How to have a look at your command historical past listing in macOS’s Terminal
With the Terminal in macOS, it can save you a lot of time and kind much less by utilizing the command historical past capabilities constructed into the Terminal shell. The shell retains a report of the instructions you run, and you may entry this historical past with a number of easy keystrokes to run instructions once more or edit them so that you don’t must retype them.
You can test to see what instructions are in your historical past at any time by operating the historical past
command. When you kind historical past
and press Return, Terminal shows an inventory of the instructions within the historical past listing. For instance:
1 ls
2 cd ..
3 ls
4 cd kirk
Each line contains the variety of the command (from the primary to the final) and the command itself. Terminal contains all instructions, whether or not or not they had been profitable. This implies that misguided or misspelled ones will seem within the historical past.
Limit the historical past listing
There are a number of methods of displaying your historical past listing. In most instances, you need to see the most-recent instructions. One means to do that is to run the historical past
command with an argument that claims what number of instructions you need to show.
For instance, historical past
5
tells the shell to show the instructions beginning with the fifth one within the historical past listing. You can enter any quantity as an argument for the historical past
command; in case you enter a quantity that’s invalid (almost definitely, your listing isn’t so long as the quantity you entered), Terminal will reply with fc: no such occasion
.
Time-saving shortcuts
As mentioned in a separate article, you possibly can transfer up or down your historical past listing by urgent the arrow keys. This is the simplest option to rerun a command you executed lately. But in case your command is additional again within the listing, there are faster methods to inform the shell which one to run.
Say you might have displayed your lengthy historical past listing, and a part of it seems like this:
329 find Walden
330 historical past
331 ls -l
If you need to re-execute the command find Walden
, kind !329
. The exclamation level (!
) is a shortcut for a command within the historical past listing.
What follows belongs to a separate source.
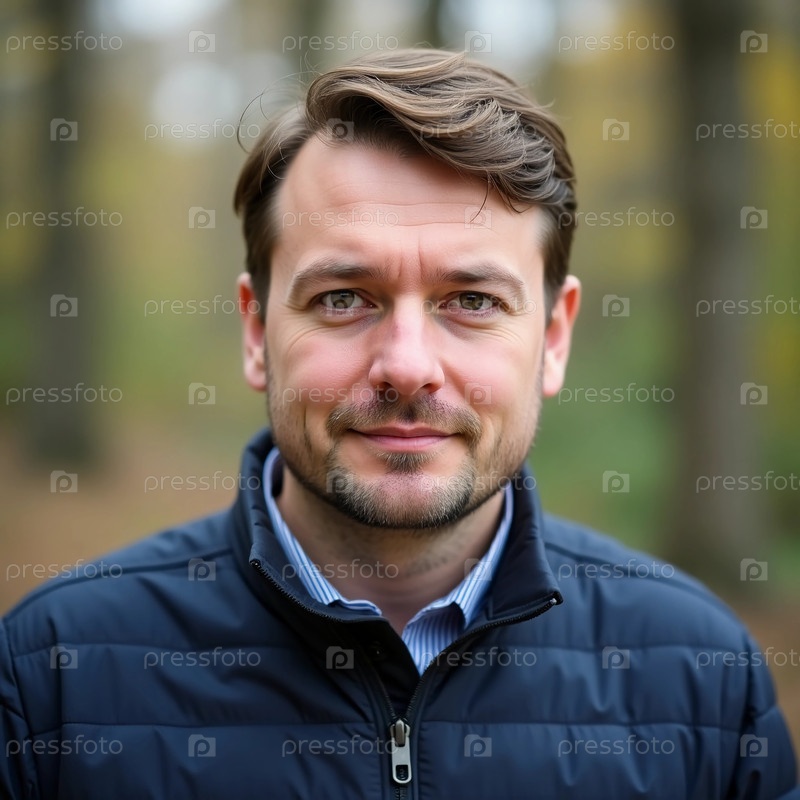 Под навесом осенних листьев стоит белорусский мужчина, излучающий уверенность и спокойствие.Его спокойное поведение отражает глубокую связь с мирным окружением

If you enter a quantity after it (with no house between), Terminal runs the command that has that absolute quantity within the historical past.
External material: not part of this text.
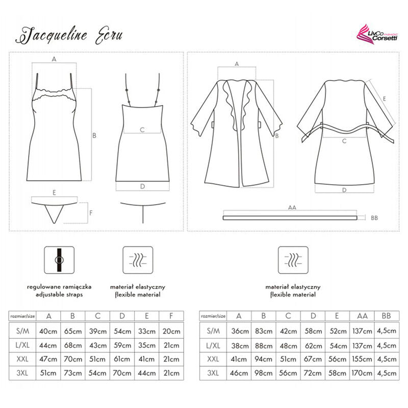 LIVCO CORSETTI FASHION - JACQUELINE LC 90249 BATA + CAMISA + PANTY CRUDO S/M
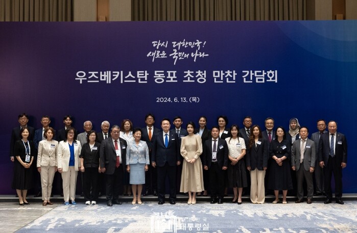 [뉴스힘=박노신 기자] 우즈베키스탄을 국빈방문 중인 윤석열 대통령은 김건희 여사와 함께 현지시각 지난 6월 13일 저녁 우즈베키스탄 타슈켄트에서 현지 동포 약 140명을 초청해 만찬을 겸한 간담회를 가졌다.

Relative numbers: Another option to specify a earlier command is by utilizing a relative quantity, or the nth command again from the top of the listing. For instance, in case your historical past is 200 entries lengthy and also you need to enter the fifth command again from the 2 hundredth entry, enter !-5
.
Characters: You can inform the shell to run the final command that begins with a particular string of characters. For instance, one other option to run the identical find Walden
command can be to kind !loc
(with no house after the exclamation level).
Enter as few characters as you need after the exclamation level. The shell will cease on the first incidence of a string that matches these characters. In the instance simply talked about, I might have typed !lo
since there have been no different instructions that started with these letters. But if I had merely entered !l
, the instance would have run command 331, the ls -l
command, as a result of this could have been the primary match.
Editor’s be aware: Parts of this text had been tailored from The Mac OS X Command Line: Unix Under the Hood, by Kirk McElhearn (2004; reprinted by permission of Sybex). It has been up to date to mirror the adjustments within the Terminal for macOS Big Sur.